* **PROMPT**:
What you write should match, word for word, the lines from the one containing "特斯市场占有率达到15.9%" through the end of the data, with no pictures.

(Records from a collection)
• • • •

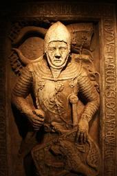 Keywords: knight middle ages grave stone latin armor helm metal weapons swords relief plate coat of arms lion shield symbol past death face cemetery brown portrait memory
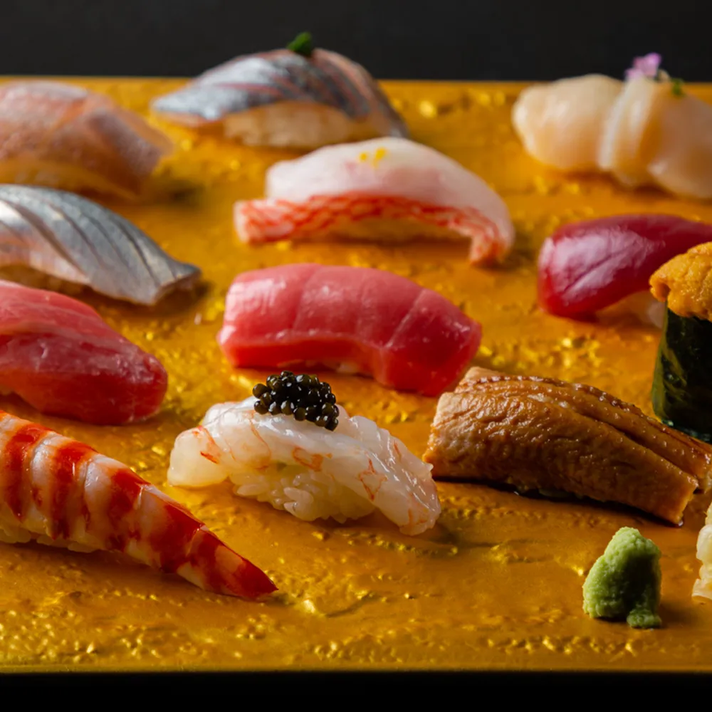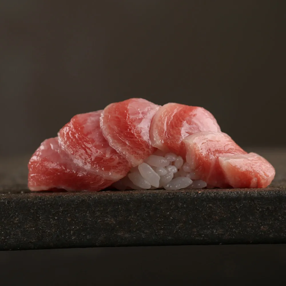We source the freshest seafood from Toyosu Market (formerly Tsukiji Market), Japan's largest fish market, as well as the world's highest-quality Wagyu beef, A5 Ozaki Beef (marbling level 12).
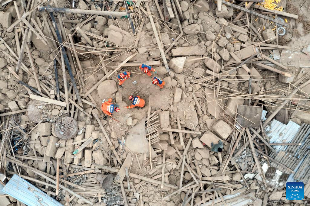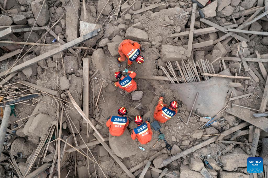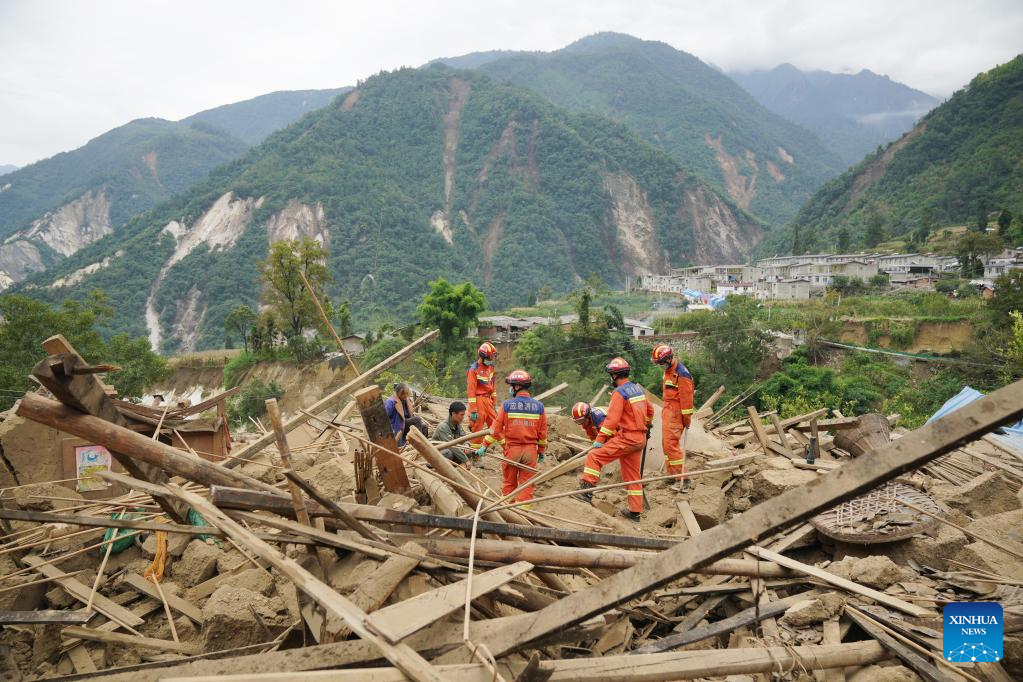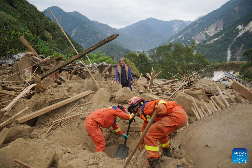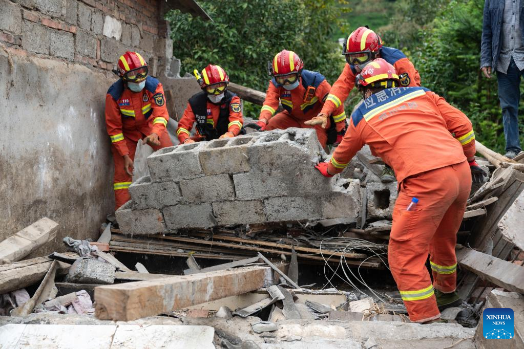 Rescuers clear debris of a house damaged in earthquake in Xingfu Village of Shimian County, southwest China's Sichuan Province, Sept. 7, 2022. A 6.8-magnitude earthquake jolted southwest China's Sichuan Province on Monday, and Shimian County in Ya'an were one of the hardest-hit areas. The quake damaged houses, roads, water conservancy facilities, hydropower stations, and telecommunications.
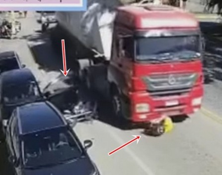 Autovadītāja atver durvis tieši tobrīd, kad no aizmugures tuvojas mopēdists. Vīrietis atsitas pret atvērtajām durvīm un pakrīt zem kravas auto, laimīgā kārtā iztiekot bez smagām traumām.
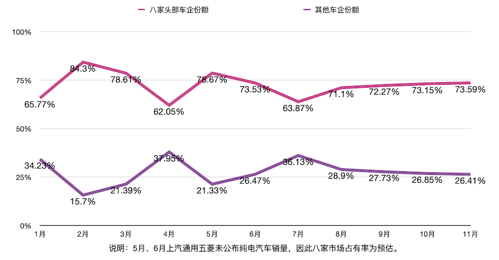特斯市场占有率达到15.9%,上汽通用五菱、比亚迪、广汽埃安、长城、北汽新能源几家传统车企的市场占有率达到47.1%,蔚来、小鹏两家造车新势力的头部车企市场占有率达到8%。整体来看,纯电市场的这八家车企占据整个市场71%的份额。今年11月,八家车企的市占率已经达到73.6%,正逐步逼近3/4的市占率。
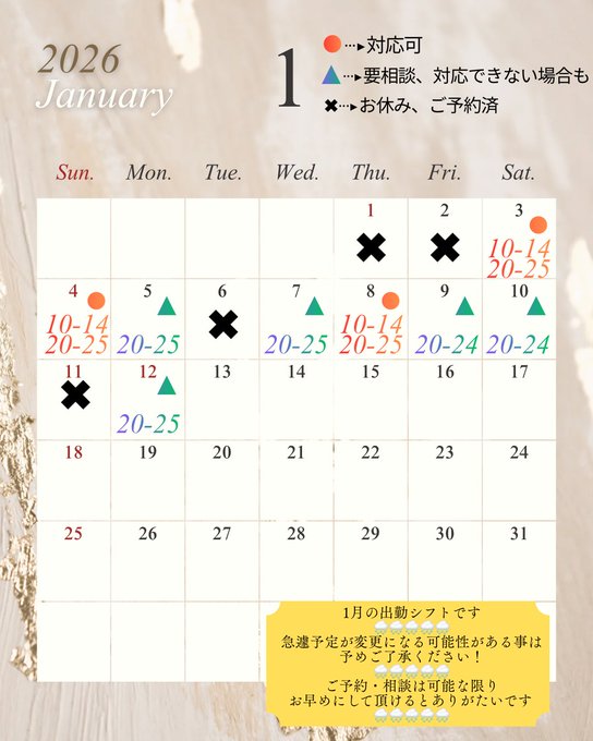 2026/01/04 【しとね】1月出勤表 🎍1月の出勤表提出まる🎍 2026年もよろしくお願い致しますね! 前半部分になります🥺🥺 後半部や予約等により適宜スケジュール更新して参ります お早めにご相談して頂ければ表示時間外でもスケジュール調整致しますので お気軽に話しかけてきてくださいね〜!! tagPlaceholderカテゴリ: しとね

• • • •

* **RESULT OF THIS EXERCISE**:
特斯市场占有率达到15.9%,上汽通用五菱、比亚迪、广汽埃安、长城、北汽新能源几家传统车企的市场占有率达到47.1%,蔚来、小鹏两家造车新势力的头部车企市场占有率达到8%。整体来看,纯电市场的这八家车企占据整个市场71%的份额。今年11月,八家车企的市占率已经达到73.6%,正逐步逼近3/4的市占率。
 2026/01/04 【しとね】1月出勤表 🎍1月の出勤表提出まる🎍 2026年もよろしくお願い致しますね! 前半部分になります🥺🥺 後半部や予約等により適宜スケジュール更新して参ります お早めにご相談して頂ければ表示時間外でもスケジュール調整致しますので お気軽に話しかけてきてくださいね〜!! tagPlaceholderカテゴリ: しとね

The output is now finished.